Прикатил на «Волге» председатель. Зубами скрипит. Набросился на Мыйыксу:
— Ты коммунист, а у тебя ягнята дохнут! На бюро райкома тебя вытащу!
Мыйыксу в ответ:
— Тащи, тащи! Сколько лет обещал тепляк построить? Где сено? Где комбикорм? Вместе пойдем на бюро. Вместе будем отвечать!
Ушли оба за кошару. Одна из сакманщиц уверяла, будто слышала, как они там сцепились — кости трещали. Все, конечно, могло быть: оба в заботах, в беде, разъяренные… Пришли обратно, однако, спокойные, и разговор был нормальный.
Когда в конце посчитали, на сто маток пришлось по сорок пять ягнят. Никогда у Мыйыксу такого не бывало. Вконец расстроился старик. В деревню не спускался, людей стал избегать. На собрание придет, где-нибудь за спины спрячется. До того-то он всегда в первом ряду садился, с трибуны громче, всех критиковал.
Год спустя Мыйыксу получил хороший приплод, выполнил план по шерсти. Но люди говорили, что надорвался Мыйыксу. Чего удивительного? Мог и надорваться. Такая работа, а он все-таки в годах. Думали, все, конец старику. Он на лошадь сесть не мог без посторонней помощи. А это — последнее дело, позор для мужчины!.. Все-таки помалу оправился Мыйыксу, ожил, повеселел. Опять зачастили к нему на стоянку бригадиры, зоотехники, ветеринары. Как и прежде, два казана на плите, всегда чай горячий, всегда любому гостю рады.
«Откуда у старого силы взялись? — размышлял Тукпаш. — Что его заставляет снова и снова испытывать судьбу? Кто знает, как у него нынче окот пройдет? Всякий раз это, как говорится, темный лес, каждый раз по-другому бывает. Сколько бы лет чабан ни проработал, его дрожь пробирает, едва об окоте вспомнит. А Мыйыксу, похоже, и не собирается сдаваться. Вон как лихо на коне скачет!..»
Ягненок, которого нес Тукпаш, тяжелел с каждым шагом. Как ни защищал он его от ветра, продрог малыш и устал, конечно. По счастью, сквозь пелену снега засерела стоянка.

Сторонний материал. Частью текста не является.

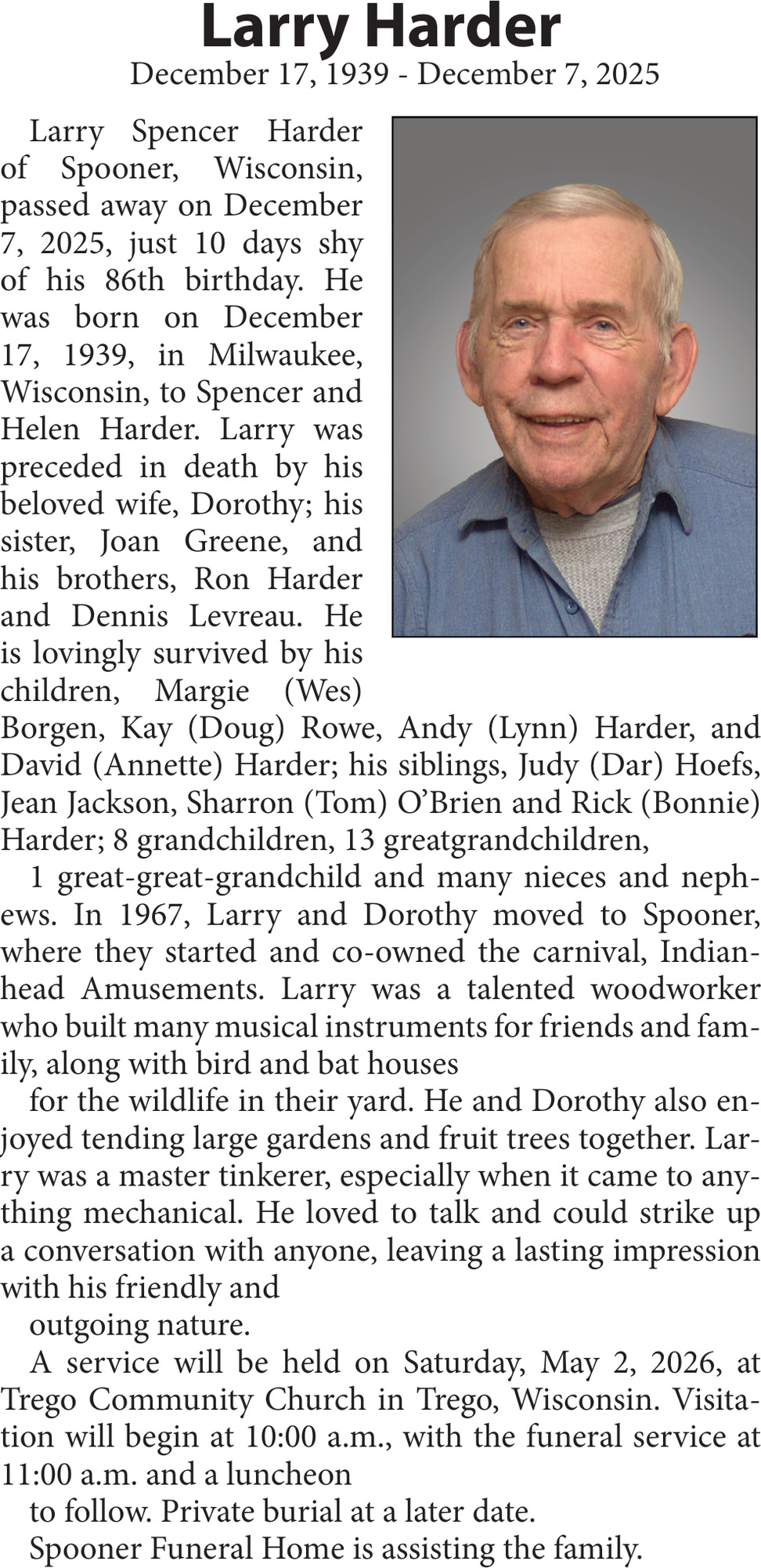 Obituary in NORTHWESTERN WISCONSIN

Стоянка… Какая она у чабана? Притулится, присосется к подошве горы, как клещ-шапшык, или затаится в ложбине, укроется подолом тайги. А надо еще, чтобы место было солнечное, и от воды недалеко, и к дровам близко. Любая стоянка радует путника уже тем, что она есть, зовет, притягивает к себе, но в то же время и пугает — как-то встретят собаки?..

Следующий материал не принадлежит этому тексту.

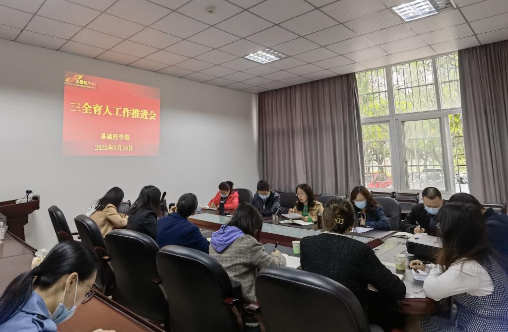 3月24日上午,基础医学院在鸿文楼一楼会议室召开省“三全育人”综合改革试点院系项目建设工作推进会。基础医学院党委书记阳静,党委副书记、纪委书记黄钰,副院长涂江义、谭晓秋以及“三全育人”各项目组负责人参加了会议。会议由阳静主持。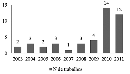 Observa-se, por meio do Gráfico 1, que o interesse pelas relações entre avaliação externa e gestão aumentou consideravelmente nos últimos anos. Os primeiros trabalhos acadêmicos que procuraram associar os dois temas foram defendidos em 2003, ainda que se note que as discussões sobre as avaliações externas comecem a aparecer, em âmbito acadêmico, a partir de 1998 (ver Bauer, 2012; Bauer; Reis, 2013). A ampliação do interesse pela temática deu-se a partir de 2009, sendo que o número de trabalhos defendidos em 2010 e 2011 (26 trabalhos) supera a somatória de trabalhos finalizados nos anos anteriores (18 trabalhos).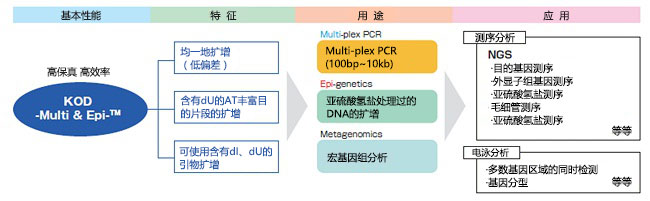 以前的高保真性PCR酶,使用含有I或U的引物时扩增困难,KOD -Multi & Epi- 则可以使用这类引物进行分析。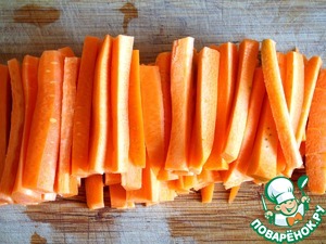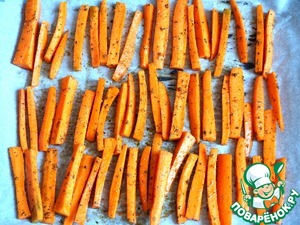 Противень застелить бумагой для выпечки и разложить морковь. Готовить в духовке, заранее разогретой до 180 град., 20-25 мин.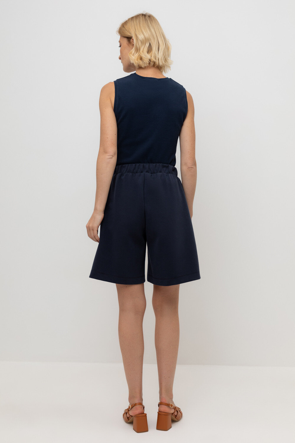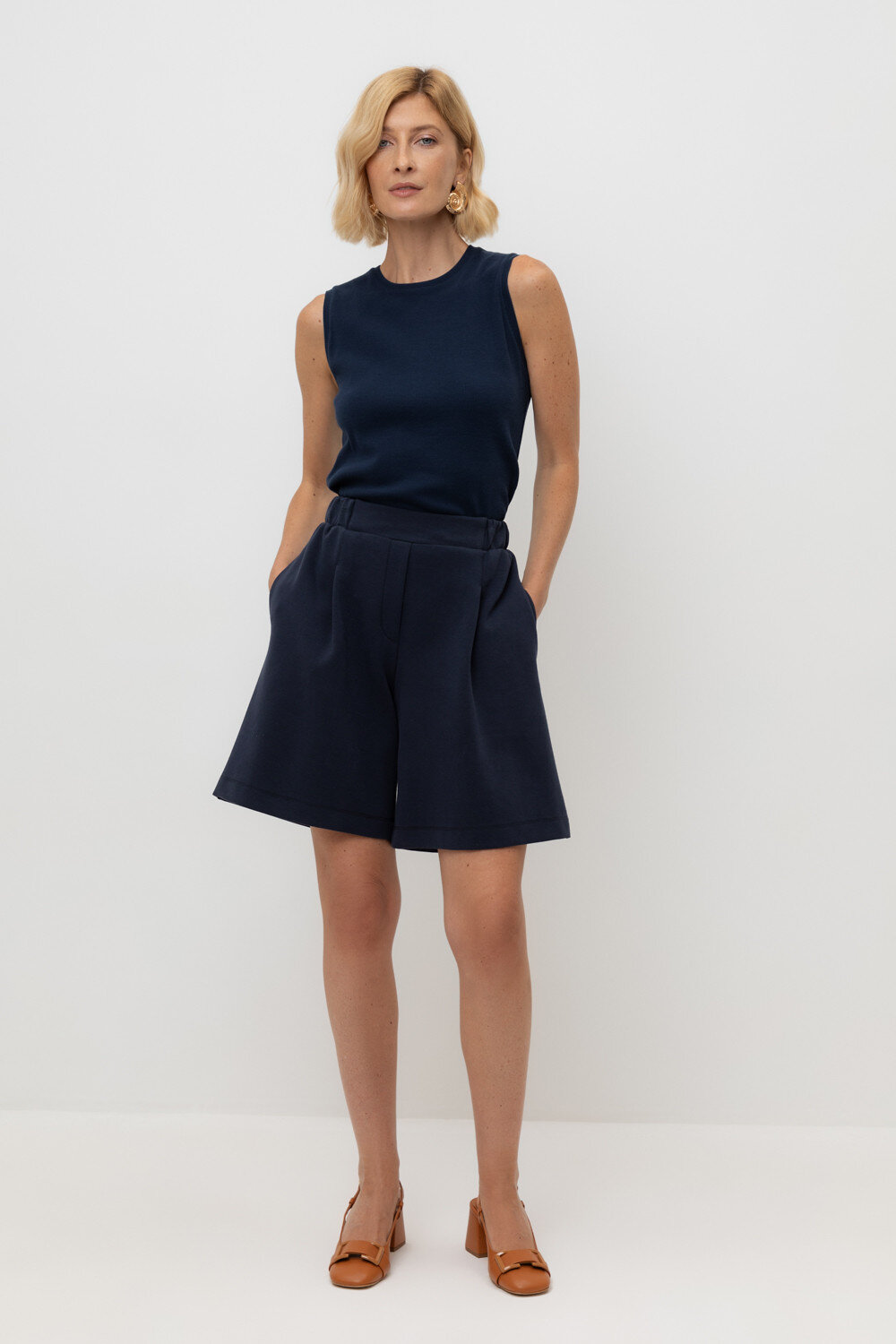 Шорты с защипами и широким трикотажным поясом— это идеальное сочетание элегантности и комфорта. Боковые карманы добавляют функциональности изделию. Изготовлены из премиального трикотажа DOUBLE FACE с добавлением спандекса.

И у Калапа стоянка, как многие, — длинная, несуразная, сгорбившаяся на неровностях местности кошара, крытая соломой, рядом маленький тепляк, зарывшийся в навоз и укрывшийся за ополовиненным стогом. За ними — избушечка с казанок, вросшая в землю. В этой избушечке еще мать и отец Калапа жили. В ней сам Калап родился. Теперь в ней хранят зимой комбикорм и отходы зерна, а в эти дни разместили десятка два овечек с ягнятами. Вокруг всевозможные загоны-пригоны, изгороди, стожки, бурты навоза — целая гряда холмов. Поодаль — избенка чабана в одно окно, с шиферной крышей и сенями, покрытыми толем.
У самых дверей — почерневшее основание шестигранного аила. Каждый год собирается Калап покрыть аил, да руки не доходят. Может, и сделал бы, да запретили обдирать с лиственниц кору… А без аила плохо. Осенью и весной прямо беда — приходится в избушке пищу готовить, очень жарко, и мухи донимают. Что еще на стоянке? Коновязь трехступенчатая, побелевшая от дождей и времени, обглоданная лошадьми, с выбитой вокруг копытами воронкой. Вся стоянка завалена снегом. Только круглый загон, где ночевали овцы, в желтоватой грязи.
Мало осталось таких старых стоянок, хотя не так уж и мало. Колхоз, по возможности, обновляет по две-три стоянки в год. Посмотрели бы вы на новый чабанский зимник! Кошара из толстых лиственничных бревен, с потолком, под шифером. В ней всю отару укрыть можно. Тепляк больше, чем клуб в иной деревне. Везде побелено, водяное отопление проведено.
В этом году колхоз обновляет стоянку Мыйыксу. Там сейчас работает бригада гуцулов. До стоянки Калапа, по всей видимости, доберутся через год.
Неожиданно рявкнул и, перескочив через изгородь, набросился на Тукпаша Казар — чернопегий кобель Калапа.
— Уй! — испуганно вскрикнул Тукпаш.
Пес тут же признал его и, стыдливо опустив голову, ушел за кошару. Первые дни он прохода Тукпашу не давал, и, чтобы войти в доверие к нему, приходилось держать в кармане кусочек хлеба. Теперь Казар привык.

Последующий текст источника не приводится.